*WHAT YOU HAVE TO DO*
Please keep to the lines below from the one with "Czarna lampa w" through the one with "Pot met 72 gekleurde", and restate them word for word, ends included.

*GIVEN RECORDS*
*** Begin section ***
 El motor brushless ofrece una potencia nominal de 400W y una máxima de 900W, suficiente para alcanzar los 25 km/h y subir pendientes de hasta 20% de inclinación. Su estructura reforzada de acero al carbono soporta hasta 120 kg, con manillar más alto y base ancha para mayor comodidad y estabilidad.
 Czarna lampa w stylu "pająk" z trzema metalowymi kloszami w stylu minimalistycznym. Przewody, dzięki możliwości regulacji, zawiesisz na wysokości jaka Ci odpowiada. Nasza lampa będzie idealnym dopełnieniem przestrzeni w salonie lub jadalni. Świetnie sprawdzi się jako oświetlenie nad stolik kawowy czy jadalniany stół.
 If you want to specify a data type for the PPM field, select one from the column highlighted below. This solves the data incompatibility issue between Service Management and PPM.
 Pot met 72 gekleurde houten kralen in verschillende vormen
*** End section ***
*** Begin section ***
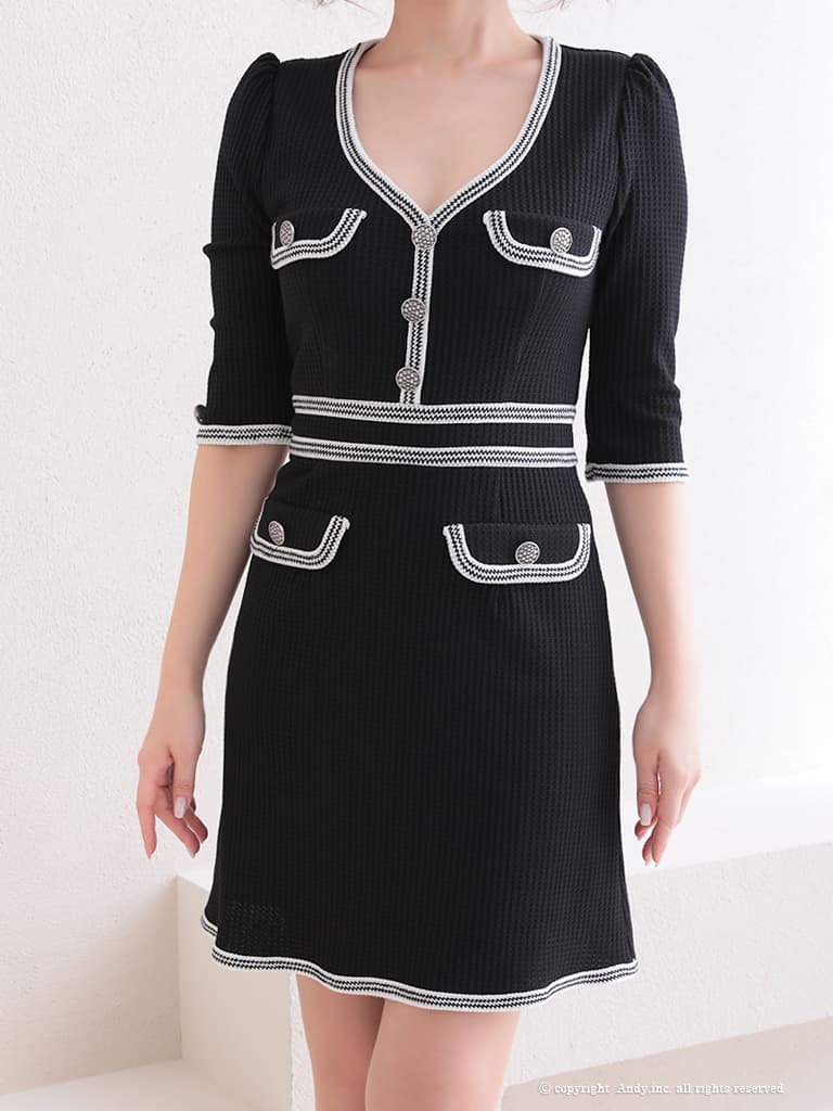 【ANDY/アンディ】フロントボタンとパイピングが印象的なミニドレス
*** End section ***
*YOUR RESPONSE*
 Czarna lampa w stylu "pająk" z trzema metalowymi kloszami w stylu minimalistycznym. Przewody, dzięki możliwości regulacji, zawiesisz na wysokości jaka Ci odpowiada. Nasza lampa będzie idealnym dopełnieniem przestrzeni w salonie lub jadalni. Świetnie sprawdzi się jako oświetlenie nad stolik kawowy czy jadalniany stół.
 If you want to specify a data type for the PPM field, select one from the column highlighted below. This solves the data incompatibility issue between Service Management and PPM.
 Pot met 72 gekleurde houten kralen in verschillende vormen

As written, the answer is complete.